A solenoid valve is an electromechanical valve that operates by controlling an electric current that flows through a solenoid. While solenoid valves exist in many different configurations, one particular configuration includes a movable metallic plunger and a co-axially mounted stationary metallic core. One end of the plunger can contact a guide spring. A valve seat can be attached to the plunger with the guide spring in between. Alternatively, the guide spring can act as a valve seat. The other end of the plunger can contact the stationary metallic core or be coupled to the core using a biasing member such as a spring. The biasing member can bias the plunger assembly against the orifice creating a normally closed valve. It is also known in the art to bias the plunger up towards the stationary metallic core, creating a normally open valve.
When a current flows through a coil that surrounds the stationary metallic core a magnetic flux is created. In one particular design of a solenoid valve, the metallic core partially surrounds the plunger and thus, when a current flows through the coil the magnetic flux created pulls up on the plunger.

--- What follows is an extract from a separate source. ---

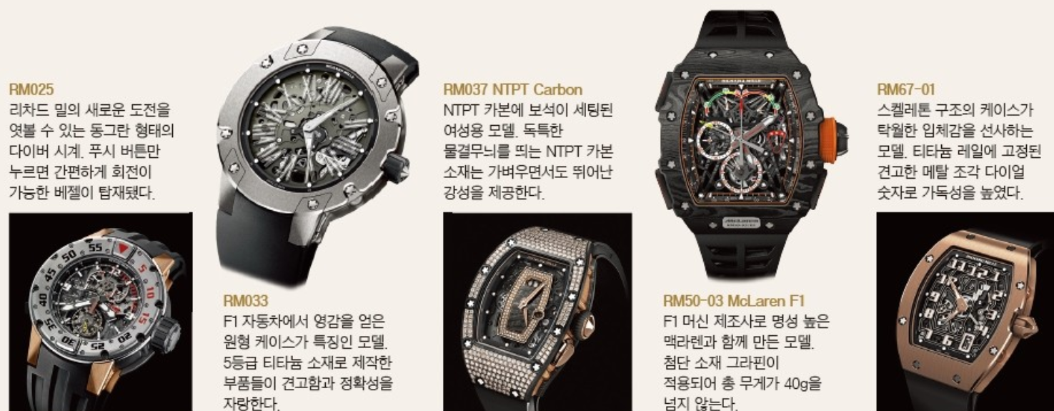 리처드 밀은 포브스코리아에서 '한국인이 선호하는 최고급 시계 브랜드'에 선정되기도 했던 브랜드인데요. 위에서 말씀드린 지드레곤이나 양현석, 배용준과 같은 거물급 연예인들이 주로 착용하면서 더 화제가 되기도 했어요.

One problem that has limited the operation of solenoid valves of this design is the limitation on the pressure rating. Typically, the highest area of stress is the internal pressurization in the portion of the magnetic core wall that encases the plunger. For example, in solenoid valves rated to about 1500 psi with internal diameters of approximately ⅜″, the valve requires the wall to have a thickness of about 0.017″. The wall thickness is designed to be as thin as possible, while still operating safely, in order to reduce the magnetic flux diverted away from the plunger. The thinner that the wall can be designed, the higher the magnetic reluctance of the path through the wall and thus, the smaller the amount of magnetic flux lost. Magnetic flux lost to the core wall reduces the pulling force on the plunger. Therefore, it is desired to keep the amount of magnetic flux lost to the core wall to a minimum.
In the prior art, in order to increase the pressure rating of the solenoid valve, the wall thickness of the core was increased. For example, to achieve a 4500 psi rating, the prior art wall could be increased to approximately 0.055″ for the same internal diameter and wall material. This increase in wall thickness reduced the magnetic reluctance of the wall and consequently, a significant portion of the flux flowed through the wall, thereby decreasing the pull on the plunger. While this was an undesired side-effect, the prior art wall thickness was required to be increased in order to satisfy higher pressure ratings.
The present invention overcomes this and other problems and an advance in the art is achieved.